Etat des protocoles additionnels

Monsieur le Président,
Dépositaire des Conventions de Genève et des trois Protocoles additionnels, la Suisse attache une importance particulière à ce que ces instruments soient universellement ratifiés. Si c’est le cas des Conventions de Genève, nous rappelons ici que les trois Protocoles additionnels, eux, ne sont pas encore ratifiés par la totalité des Etats, mais respectivement par 172, 166 et 60 Etats.  Afin que ces derniers atteignent eux aussi l’universalité, la Suisse encourage les Etats à les ratifier. La Suisse encourage en outre les États parties au Premier Protocole additionnel qui ne l’auraient pas encore fait à reconnaître la compétence de la Commission internationale humanitaire d’établissement des faits instituée par l’article 90 du Premier Protocole additionnel. Cette reconnaissance peut se faire par simple déclaration remise au Dépositaire.

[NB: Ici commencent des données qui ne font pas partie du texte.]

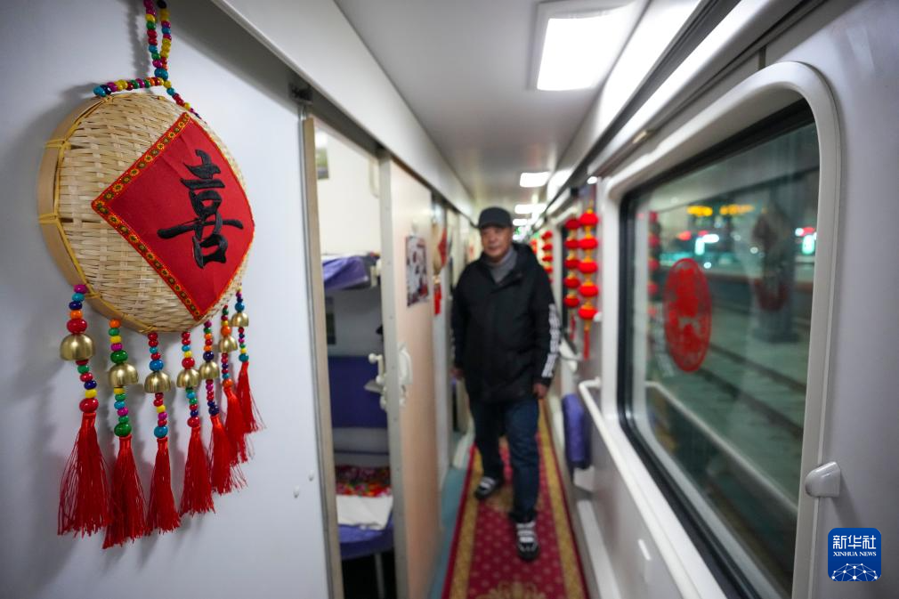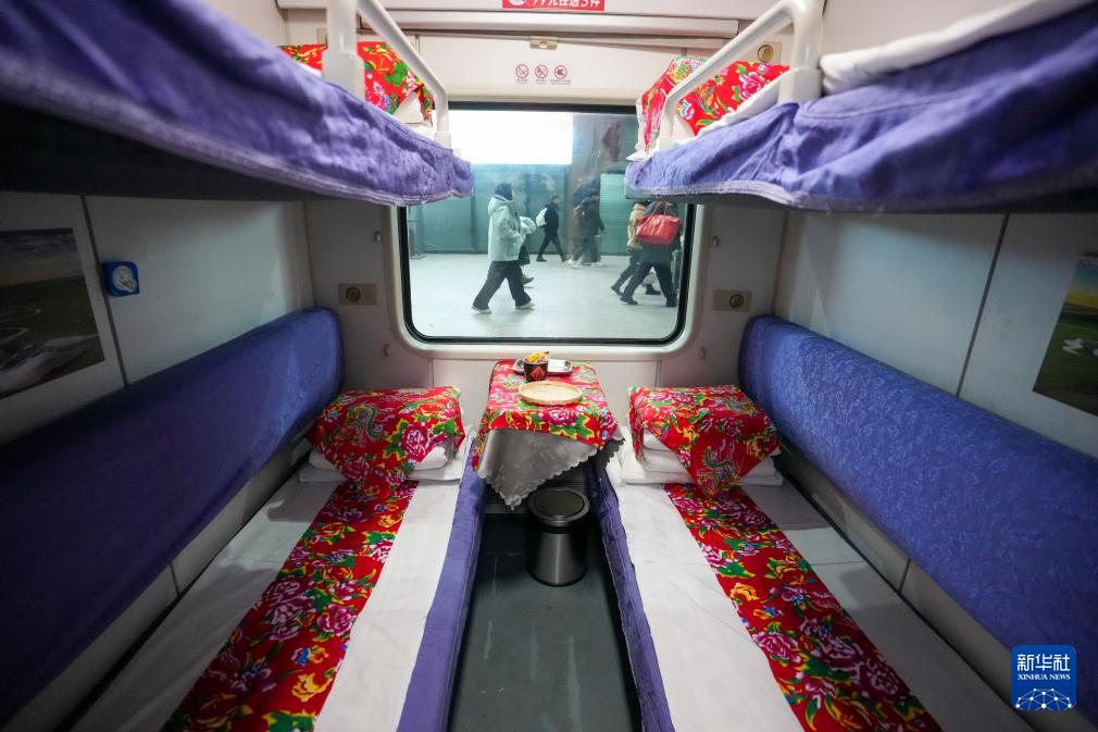 12月22日,旅客进入K7041次列车东北风情主题卧铺车厢。

En outre, la Suisse soutient l’idée d’assister les Etats membres dans leurs activités de reporting au Secrétaire général par l’élaboration d’un questionnaire ou de lignes directrices, telle que prévu par l’OP 13 de la dernière version de la résolution 65/29 de l’Assemblée générale.
En novembre 2011, la 31ème Conférence internationale de la Croix-Rouge et du Croissant-Rouge a eu lieu à Genève. Les Etats ont réaffirmé à cette occasion que le droit international humanitaire reste un cadre approprié pour réglementer le comportement des parties à un conflit armé,  mais ils ont également déploré le fait qu’il ne soit, bien trop souvent, pas respecté. Or, le droit n’est efficace que s’il est respecté.

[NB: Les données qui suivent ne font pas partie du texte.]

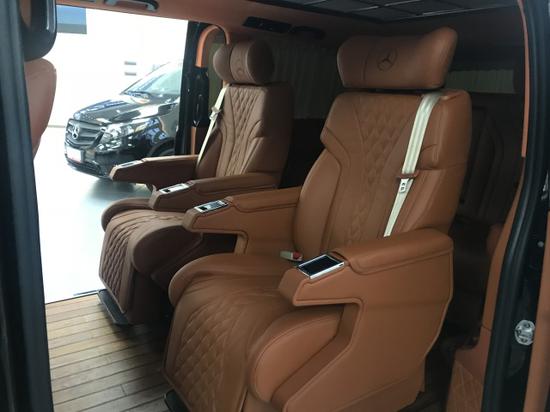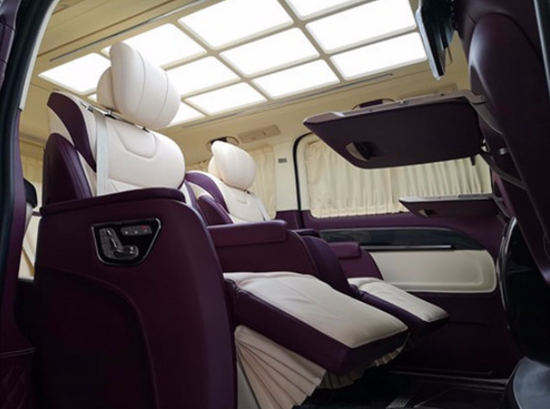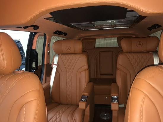 定制配置:WALD大包围 迈巴赫九宫格车顶 车顶麂皮绒包覆全车米色紫色双拼真皮内饰 车载专用冰箱 全车铝制地板 碳纤维内饰

Forte de ce constat et convaincue qu’un meilleur respect du droit international humanitaire permettra d’améliorer le sort des victimes des conflits armés, la Suisse a saisi l’occasion de la 31ème Conférence internationale pour lancer, conjointement avec le CICR, une initiative sur le renforcement du respect du droit international humanitaire. Cette initiative a été consacrée par la Conférence internationale. Par voie de résolution,  la Conférence a exprimé son appréciation à l’égard de la Suisse « pour son engagement à explorer et identifier des moyens concrets de renforcer l’application du droit international humanitaire et à consolider le dialogue sur des questions de droit international humanitaire entre les États ».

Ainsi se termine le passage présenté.